Cuando regresó acomodó el botiquín en la mesa y se inclinó hacia mí con un trozo de algodón empapado en, lo que supuse, sería agua oxigenada, sin embargo, fue demasiado para mí, tuve que apartarme.
- Lo siento… ¿duele?
- No…- respondí
- ¿Entonces?
¿Cómo decirle que tener su rostro tan cerca, no era sano para mí?
- Creo que tenemos algo de que hablar…
- No que yo recuerde – replicó de forma esquiva y se levantó del sillón, dejando el algodón a un lado.
- Hablo de lo de esta mañana… yo… no quiero que malinterpretes…
Pero entonces se volteó hacia mí y noté una contradicción entre sus ojos y lo que decía
- ¿Por qué tratas de darme explicaciones?... no me debes nada…
Parecía molesta, a pesar de lo que afirmaba, lo cual era cierto, ella y yo no nos debíamos nada, pero eso no explicaba lo culpable que me había sentido.
- Aunque no quieras oírlo, lo diré…porque no he podido dejar de pensar en esto todo el día…
- ¿Así que necesitas calmar tu subconsciente?... pensé que para hacer eso buscabas a una chica con la que tener algo y ya…
- ¿Qué estás diciendo?... ¿cómo sabes eso?...- realmente fue un golpe bajo, uno de los motivos por los que evitaba el contacto con mi pasado, era porque no quería que supieran lo que hacía en Nueva York, y no tenía idea de cómo se había enterado.
- ¿Importa?
- Si dices que no quieres explicaciones, ¿por qué estás tan molesta? – fruncí el ceño
Se produjo un silencio entre los dos, sin querer me había exasperado, y ella me observaba con gesto dubitativo.
- No lo sé…- murmuró al cabo de unos segundos, yo no dije nada y hubo de transcurrir un pequeño lapsus de tiempo más, antes de que volviera a hablar- Kaoru fue a visitarme y…- pero no se atrevió a terminar, esquivaba mi mirada.
- Comprendo…todo tiene más sentido ahora…- sabía que no se lo había contado con la intención de perjudicarme, no estaba molesto, pero me sentía desnudo, Hikari había vuelto a mirarme y la sensación que tenía era extraña, muchas emociones chocaban en mi interior, sin embargo, lo único que tenía claro era que no me agradaba la idea de que ella lo supiera, ignoraba cuánto le había contado sobre mí, pero lo que me había reprochado bastaba para hacerme una idea.
- Ella dijo que quizás yo podría ayudarte y pensé que…
- ¿Pensaste que podrías? – dije con voz calmada
- Sólo me gustaría intentarlo…- murmuró con las mejillas ligeramente sonrojadas
- Nadie puede ayudarme… estoy descompuesto… deja de pensar que puedes cambiar eso…
- Pero si sólo me dijeras qué paso… es que no puedo creer que Sora…
- Basta…- pedí con determinación y me acerqué un poco más a ella, sólo un par de pasos – necesitas alejarte de mí…
- ¿Y si no quiero?
Tragué saliva.

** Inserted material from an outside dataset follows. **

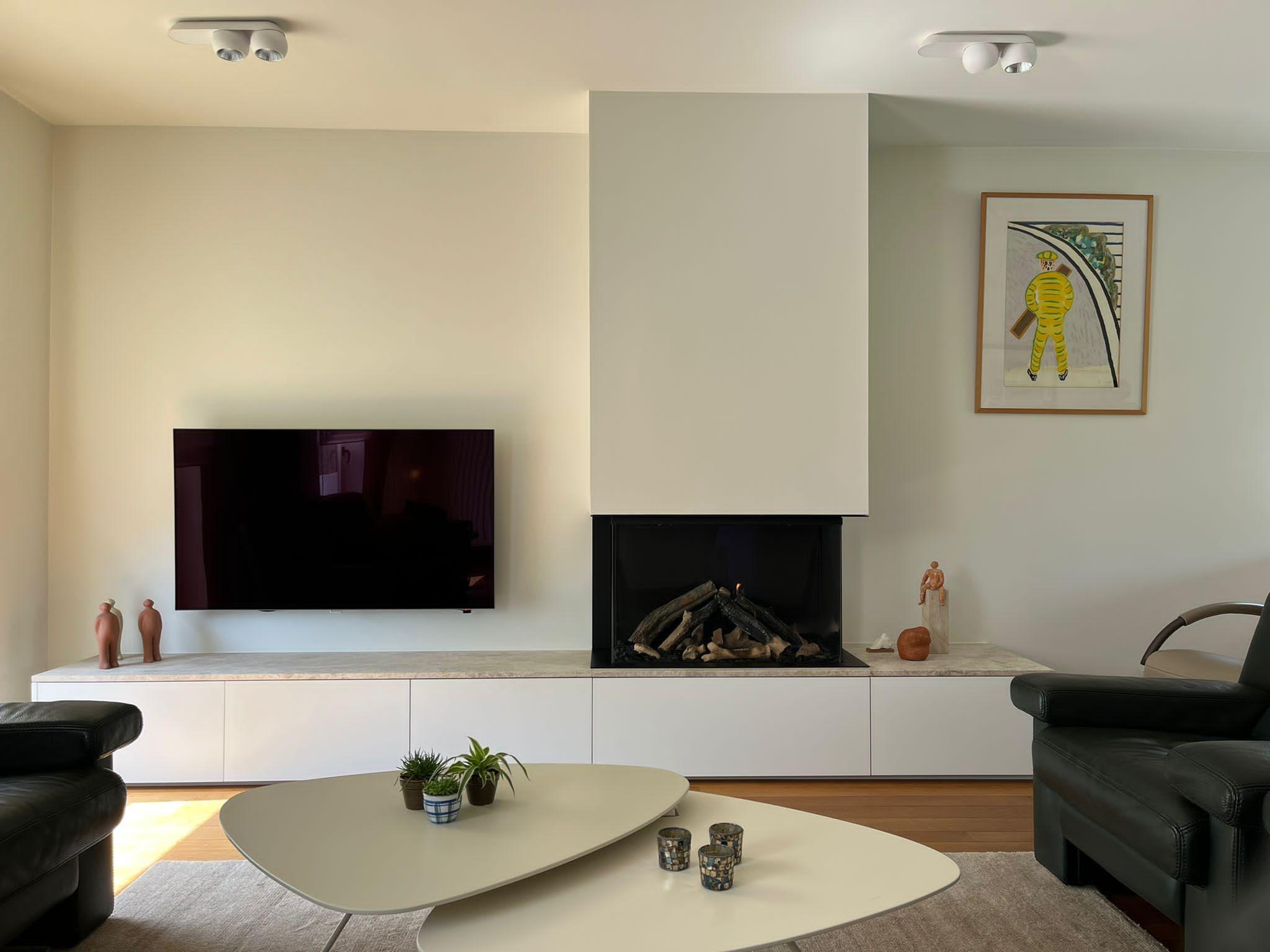 Er is een stijgende vraag naar een haardmeubel of haardwand met TV, ook daar kunnen we jou bij helpen. Gezien we technologische apparatuur verwerken rond de haard moeten we met een aantal zaken rekening houden. Soms krijgen we ook de vraag of we rondom de haard een bureauruimte kunnen maken. Veel meer mensen werken vaker van thuis, waarom dan niet gezellig bij de haard?

No sabía como decírselo, ¿cuáles serían las palabras indicadas para explicar lo que me pasaba?. Había intentado coquetear descaradamente con ella, lo había hecho un montón de veces con otras chicas y siempre acababa igual, excepto con ella, ¿por qué?, porque era la hermana de Tai y una puerta directa hacia mi pasado, necesitaba evitarla, pero mi cabeza no hacía más que recordarla a cada segundo, hice todo lo posible por sacarla de allí estos días y el resultado había sido involucrarme con la primera chica que encontré en un bar…¿qué salió de eso?... nada bueno… el remordimiento no había hecho más que aumentar mi maldita obsesión con ella.

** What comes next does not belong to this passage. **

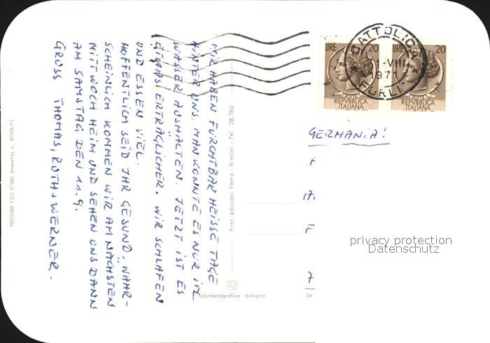 old postcard Cattolica Rimini Strand postalisch gelaufen Erhaltung siehe scans

- Sólo pídeme que me detenga…- murmuré cortando poco a poco la distancia entre los dos, ella permaneció quieta, viéndome avanzar, y cuando estuvo acorralada contra la pared y una de mis manos tocó su mejilla me miró a los ojos, estaba nerviosa, podía sentirlo…me incliné unos centímetros, sentí el suave roce de nuestros labios, pero entonces puso una mano en mi hombro, alejándome con suavidad.
- No…- dijo y se escabulló pasando bajo mi brazo – no seré otra chica más…
Esa afirmación me descolocó por algunos segundos, quería ayudarme, no tenía duda respecto a eso, pero el modo insistente con que reprochaba mi pasado, de manera casi infantil y celosa, no podía entenderlo.
~.~.~.~.~.~.~.~.~.~.~.~.~.~.~.~.~.~.~
- ¿Alo?
- Tenías razón…- suspiré – creo que me gusta Yamato – sama
Del otro lado de la línea, Yolei sonrió.